EXERCISE REQUIREMENTS
Transcribe all the data below exactly, leaving its pictures out.

EXERCISE DATA
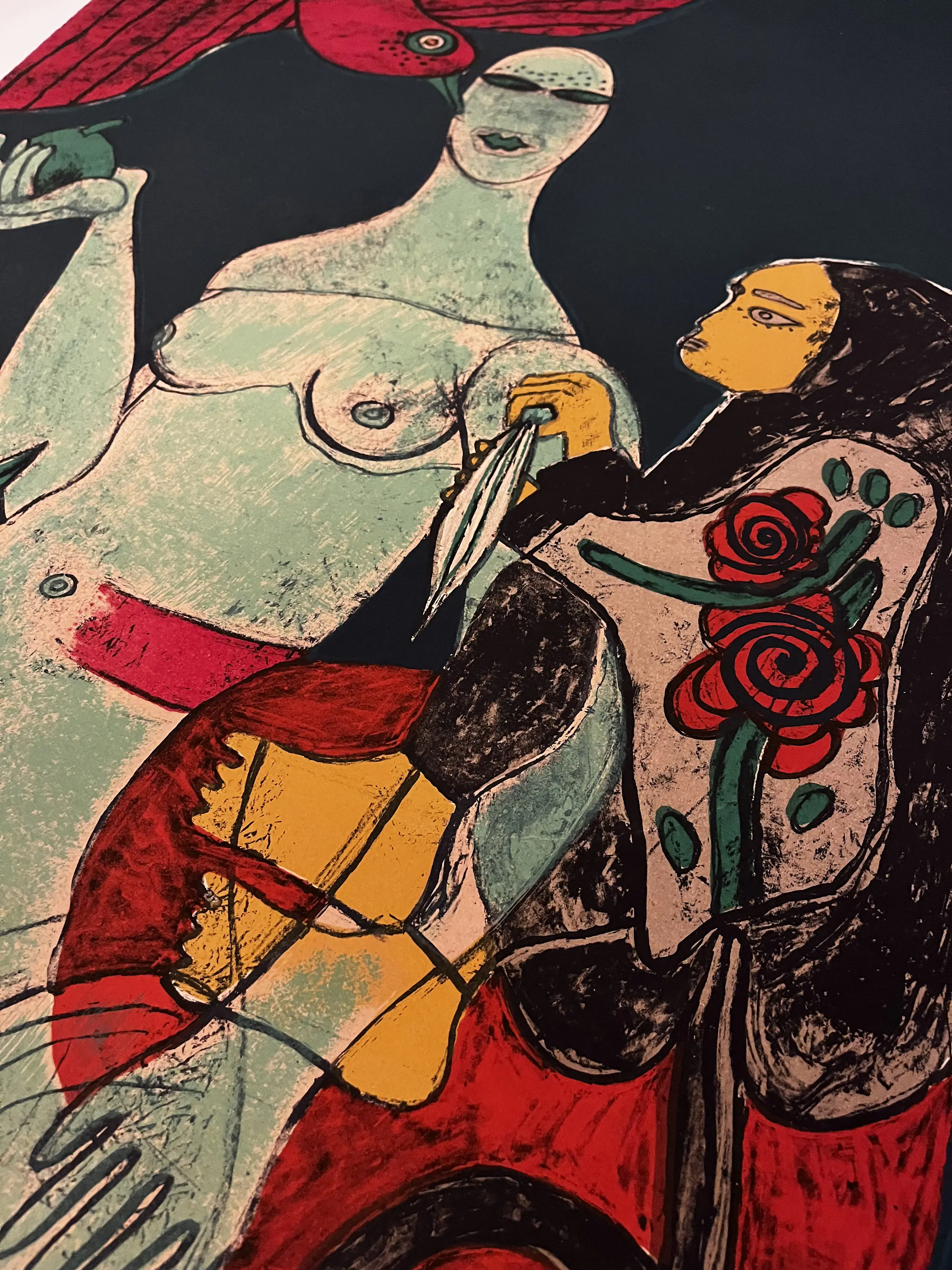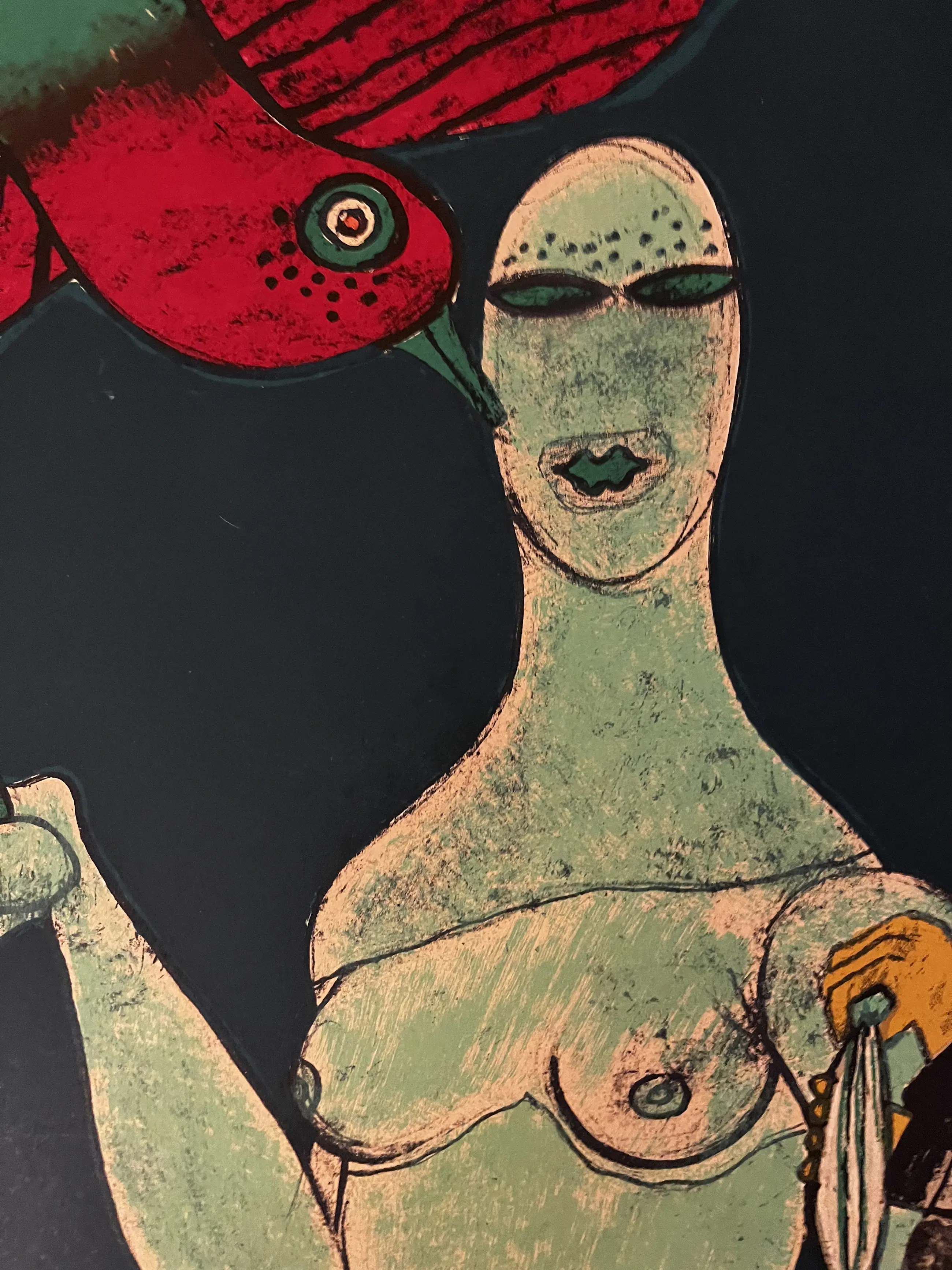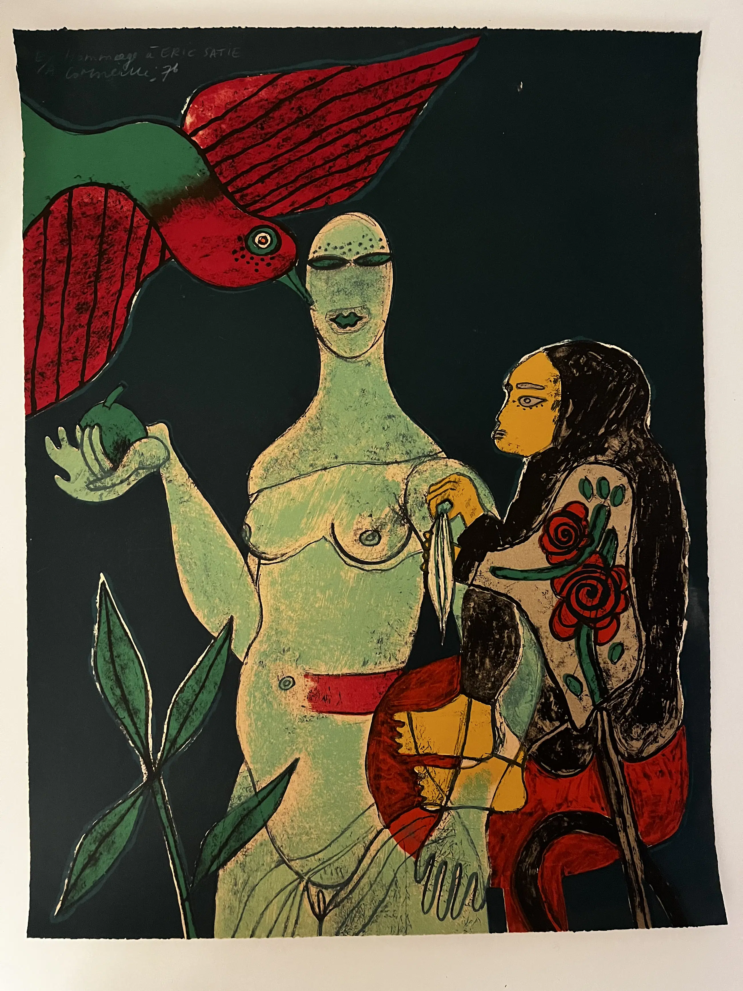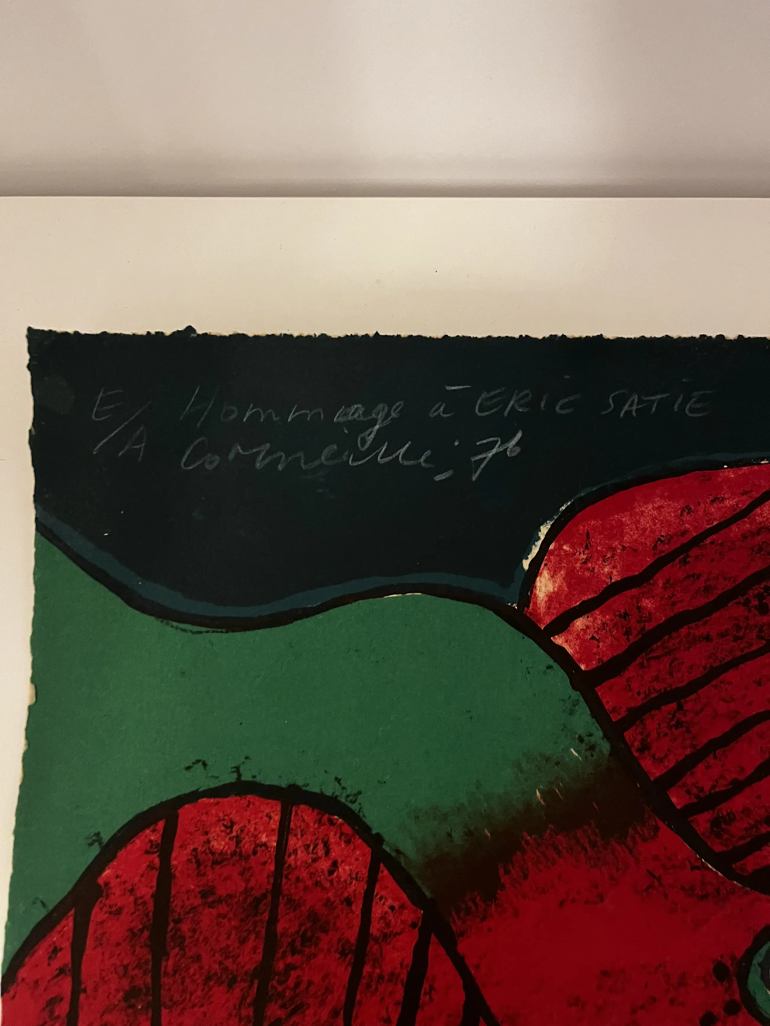Origineel grafisch werk van Corneille, getiteld Homage to Eric Satie, uit 1976. Dit kleurrijke en speelse werk is een eerbetoon aan de Franse componist Eric Satie en toont duidelijk Corneille’s kenmerkende Cobra-stijl met expressieve vormen en levendige kleuren.
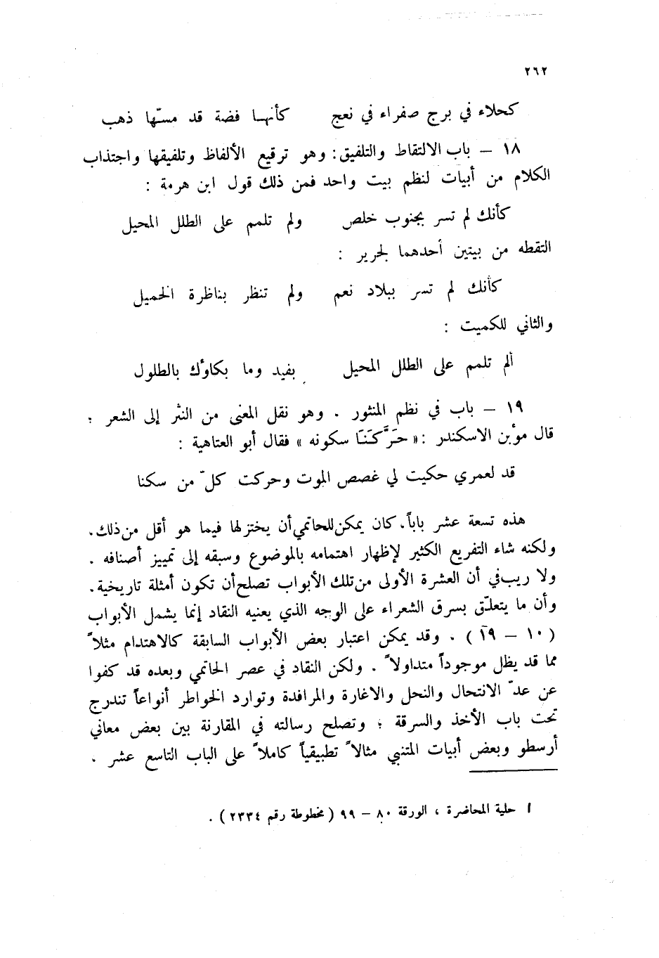 قد لعمري حكيت لي غصص الموت وحركت كل من سكنا ... هذه تسعة عشر باباً، كان يمكن للحاتمي أن يختزلها فيما هو أقل من ذلك، ولكنه شاء التفريع الكثير لإظهار اهتمامه بالموضوع وسبقه إلى تمييز أصنافه، ولا ريب في أن العشرة الأولى من تلك الأبواب تصلح أن تكون أمثلة تاريخية، وأن ما يتعلق بسرق الشعراء على الوجه الذي يعنيه النقاد إنما يشمل الأبواب (10 - 19) ، وقد يمكن اعتبار بعض الأبواب السابقة كالأهتدام مثلاً مما قد يطل موجوداً متداولاً، ولكن النقاد في عصر الحاتمي وبعده قد كفوا عن عد الانتحال والنحل والإغارة والمرافدة وتوارد الخواطر أنواعاً تندرج تحت باب الأخذ والسرقة، وتصلح رسالته في المقارنة بين بعض معاني أرسطو وبعض أبيات المتنبي مثالاً تطبيقياً كاملاً على الباب التاسع عشر
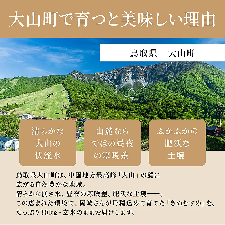 岡崎さんが丹精込めて育てたお米は、粒ぞろいがよく、ほどよい粘りと上品な甘みが特長です。大山町が誇る自慢の味を、たっぷり30kg玄米のままお届けします。
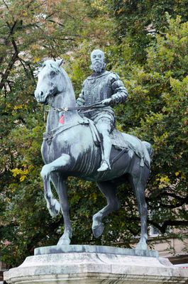 Luitpolddenkmal, reiterstatue aus Bronze auf hohem Steinsockel, 1899 von Ferdinand von Miller, ursprünglich vor dem Dom, 1979 am gegenwärtigen Platz aufgestellt
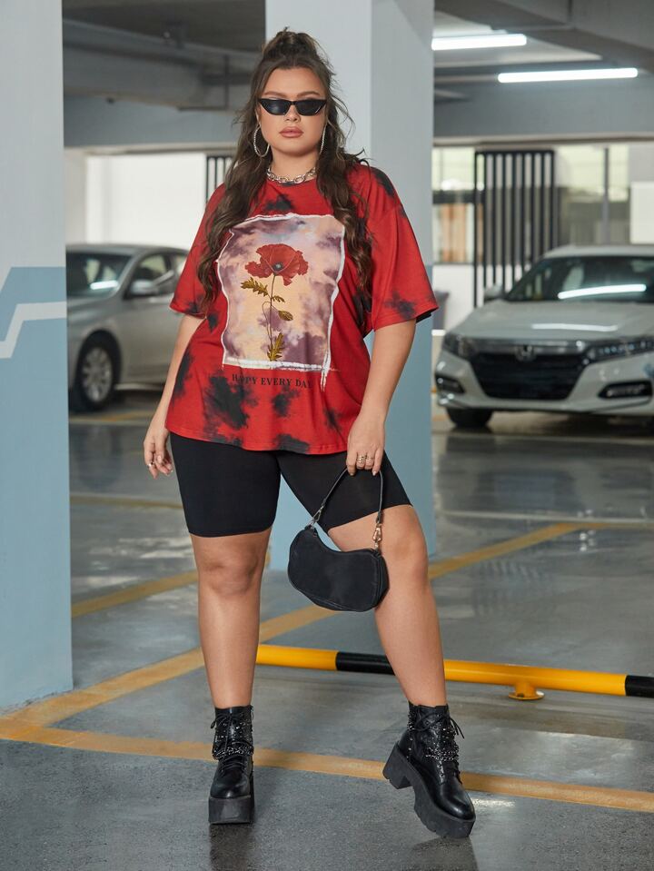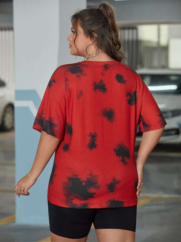 Plus Floral & Slogan Graphic Tie Dye Drop Shoulder Tee
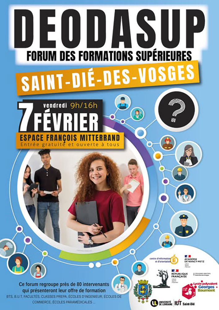 Déodasup est le forum déodatien des formations supérieures. Pour la 21e édition de Déodasup, toujours organisée par les lycées Jules-Ferry et Georges-Baumont, ce sont près de 80 intervenants qui seront réunis ce vendredi à l’Espace François-Mitterrand.
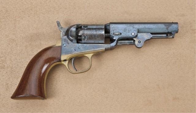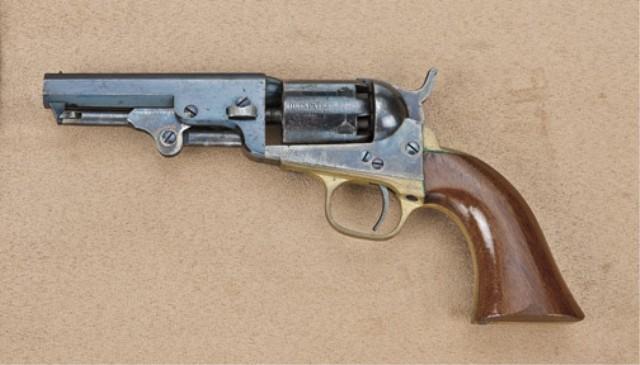 1849 Colt pocket model, .31 caliber percussion, 4” barrel, blue and case hardened finish, varnish wood grips showing one-line New York barrel address, 6-shot cylinder. Serial #275998. The revolver remains in near fine original condition showing 75-85% original blue on barrel. Some thinning at the edges, minor erosion, a few light scratches, just beginning pinprick pitting and normal aging. The cylinder shows 90% plus original cylinder scene slightly light in a few areas and approx. 60% thinning blue. An index line between cylinder stops, some light erosion and minor aging. The frame, hammer, and loading lever show 60-80% case hardening with good rainbow colors, some drifting to patina, light erosion, and just beginning aging. The backstrap and triggerguard show an even light patina and almost no trace of silver as is common on the later production as the silver was literally flashed and rubbed off easily. The varnish wood grips are very good plus to near fine with 80-90% varnish, some marks at the bottoms and edges and minimal wear. The action is crisp, most of the cylinder pins are retained. All matching visible serial numbers, excellent interior. An exceptional pocket model that saw
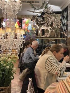 London looked beautiful with lots of decorations for Christmas but one of the most amazing places was a Thai restaurant called Poppys in Hammersmith. We ate there will Billy and Genevieve and the meal was sensational. But the decor is something else – I can’t even remember if there were any Christmas decorations or if it was just the usual decor – over the top doesn’t even begin to describe it – there isn’t a square inch that isn’t festooned with something. Maybe a giraffe with a monkey on its back or a chandelier hung at waist height ? Anyway we ate thai fish cakes, the best pad thai any of us have eaten in a very long time, green shrimp curry, and several other dishes I can’t recall. You take your own beer or wine and the price is so reasonable it is ridiculous.
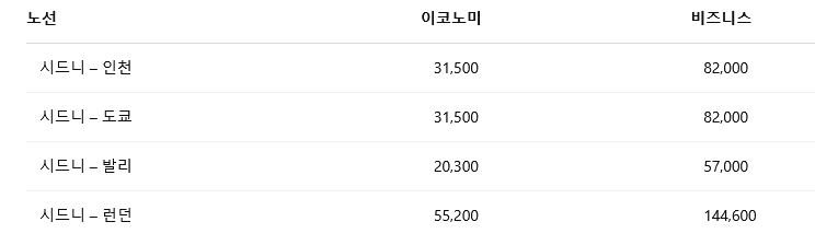 • 멜버른-시드니: 5,400포인트 (이코노미 → 비즈니스)
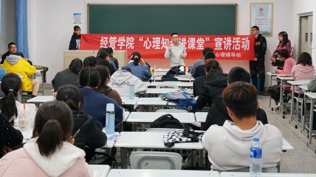 为了使同学们深入了解心理辅导站,及时疏解自身的情绪问题,2020年11月15日晚,由gg999策略手机白菜团委心理辅导站策划组织的“心理知识进课堂”宣讲活动于彭家坪校区四号楼509教室开展。20级全体员工参与了此次活动。
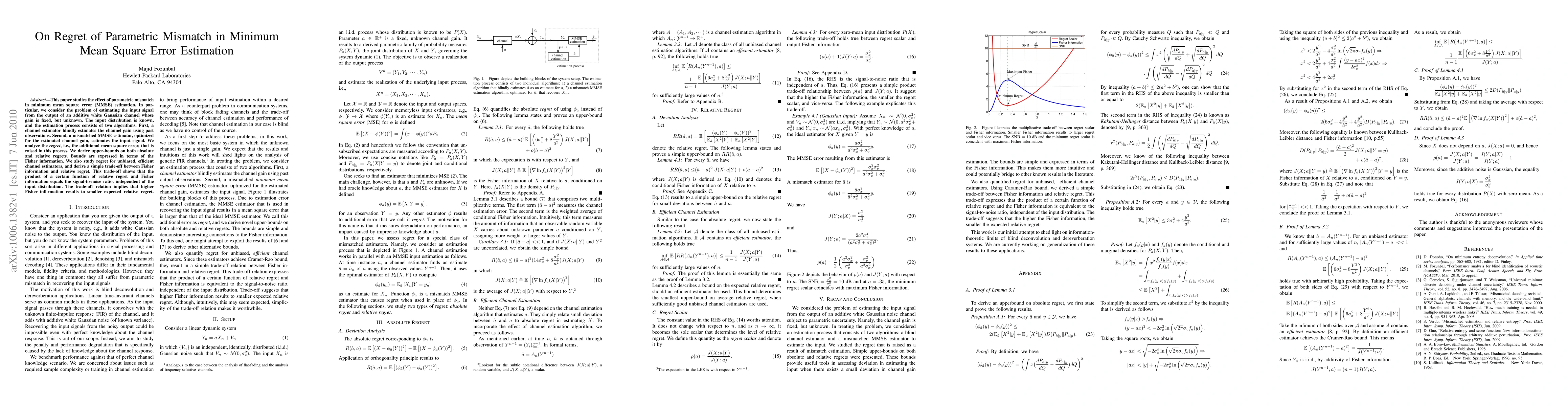 This paper studies the effect of parametric mismatch in minimum mean square error (MMSE) estimation. In particular, we consider the problem of estimating the input signal from the output of an additive white Gaussian channel whose gain is fixed, but unknown. The input distribution is known, and the estimation process consists of two algorithms. First, a channel estimator blindly estimates the channel gain using past observations. Second, a mismatched MMSE estimator, optimized for the estimated channel gain, estimates the input signal. We analyze the regret, i.e., the additional mean square error, that is raised in this process. We derive upper-bounds on both absolute and relative regrets. Bounds are expressed in terms of the Fisher information. We also study regret for unbiased, efficient channel estimators, and derive a simple trade-off between Fisher information and relative regret. This trade-off shows that the product of a certain function of relative regret and Fisher information equals the signal-to-noise ratio, independent of the input distribution. The trade-off relation implies that higher Fisher information results to smaller expected relative regret.

EXERCISE RESULT
Origineel grafisch werk van Corneille, getiteld Homage to Eric Satie, uit 1976. Dit kleurrijke en speelse werk is een eerbetoon aan de Franse componist Eric Satie en toont duidelijk Corneille’s kenmerkende Cobra-stijl met expressieve vormen en levendige kleuren.
 قد لعمري حكيت لي غصص الموت وحركت كل من سكنا ... هذه تسعة عشر باباً، كان يمكن للحاتمي أن يختزلها فيما هو أقل من ذلك، ولكنه شاء التفريع الكثير لإظهار اهتمامه بالموضوع وسبقه إلى تمييز أصنافه، ولا ريب في أن العشرة الأولى من تلك الأبواب تصلح أن تكون أمثلة تاريخية، وأن ما يتعلق بسرق الشعراء على الوجه الذي يعنيه النقاد إنما يشمل الأبواب (10 - 19) ، وقد يمكن اعتبار بعض الأبواب السابقة كالأهتدام مثلاً مما قد يطل موجوداً متداولاً، ولكن النقاد في عصر الحاتمي وبعده قد كفوا عن عد الانتحال والنحل والإغارة والمرافدة وتوارد الخواطر أنواعاً تندرج تحت باب الأخذ والسرقة، وتصلح رسالته في المقارنة بين بعض معاني أرسطو وبعض أبيات المتنبي مثالاً تطبيقياً كاملاً على الباب التاسع عشر
 岡崎さんが丹精込めて育てたお米は、粒ぞろいがよく、ほどよい粘りと上品な甘みが特長です。大山町が誇る自慢の味を、たっぷり30kg玄米のままお届けします。
 Luitpolddenkmal, reiterstatue aus Bronze auf hohem Steinsockel, 1899 von Ferdinand von Miller, ursprünglich vor dem Dom, 1979 am gegenwärtigen Platz aufgestellt
 Plus Floral & Slogan Graphic Tie Dye Drop Shoulder Tee
 Déodasup est le forum déodatien des formations supérieures. Pour la 21e édition de Déodasup, toujours organisée par les lycées Jules-Ferry et Georges-Baumont, ce sont près de 80 intervenants qui seront réunis ce vendredi à l’Espace François-Mitterrand.
 1849 Colt pocket model, .31 caliber percussion, 4” barrel, blue and case hardened finish, varnish wood grips showing one-line New York barrel address, 6-shot cylinder. Serial #275998. The revolver remains in near fine original condition showing 75-85% original blue on barrel. Some thinning at the edges, minor erosion, a few light scratches, just beginning pinprick pitting and normal aging. The cylinder shows 90% plus original cylinder scene slightly light in a few areas and approx. 60% thinning blue. An index line between cylinder stops, some light erosion and minor aging. The frame, hammer, and loading lever show 60-80% case hardening with good rainbow colors, some drifting to patina, light erosion, and just beginning aging. The backstrap and triggerguard show an even light patina and almost no trace of silver as is common on the later production as the silver was literally flashed and rubbed off easily. The varnish wood grips are very good plus to near fine with 80-90% varnish, some marks at the bottoms and edges and minimal wear. The action is crisp, most of the cylinder pins are retained. All matching visible serial numbers, excellent interior. An exceptional pocket model that saw
 London looked beautiful with lots of decorations for Christmas but one of the most amazing places was a Thai restaurant called Poppys in Hammersmith. We ate there will Billy and Genevieve and the meal was sensational. But the decor is something else – I can’t even remember if there were any Christmas decorations or if it was just the usual decor – over the top doesn’t even begin to describe it – there isn’t a square inch that isn’t festooned with something. Maybe a giraffe with a monkey on its back or a chandelier hung at waist height ? Anyway we ate thai fish cakes, the best pad thai any of us have eaten in a very long time, green shrimp curry, and several other dishes I can’t recall. You take your own beer or wine and the price is so reasonable it is ridiculous.
 • 멜버른-시드니: 5,400포인트 (이코노미 → 비즈니스)
 为了使同学们深入了解心理辅导站,及时疏解自身的情绪问题,2020年11月15日晚,由gg999策略手机白菜团委心理辅导站策划组织的“心理知识进课堂”宣讲活动于彭家坪校区四号楼509教室开展。20级全体员工参与了此次活动。
 This paper studies the effect of parametric mismatch in minimum mean square error (MMSE) estimation. In particular, we consider the problem of estimating the input signal from the output of an additive white Gaussian channel whose gain is fixed, but unknown. The input distribution is known, and the estimation process consists of two algorithms. First, a channel estimator blindly estimates the channel gain using past observations. Second, a mismatched MMSE estimator, optimized for the estimated channel gain, estimates the input signal. We analyze the regret, i.e., the additional mean square error, that is raised in this process. We derive upper-bounds on both absolute and relative regrets. Bounds are expressed in terms of the Fisher information. We also study regret for unbiased, efficient channel estimators, and derive a simple trade-off between Fisher information and relative regret. This trade-off shows that the product of a certain function of relative regret and Fisher information equals the signal-to-noise ratio, independent of the input distribution. The trade-off relation implies that higher Fisher information results to smaller expected relative regret.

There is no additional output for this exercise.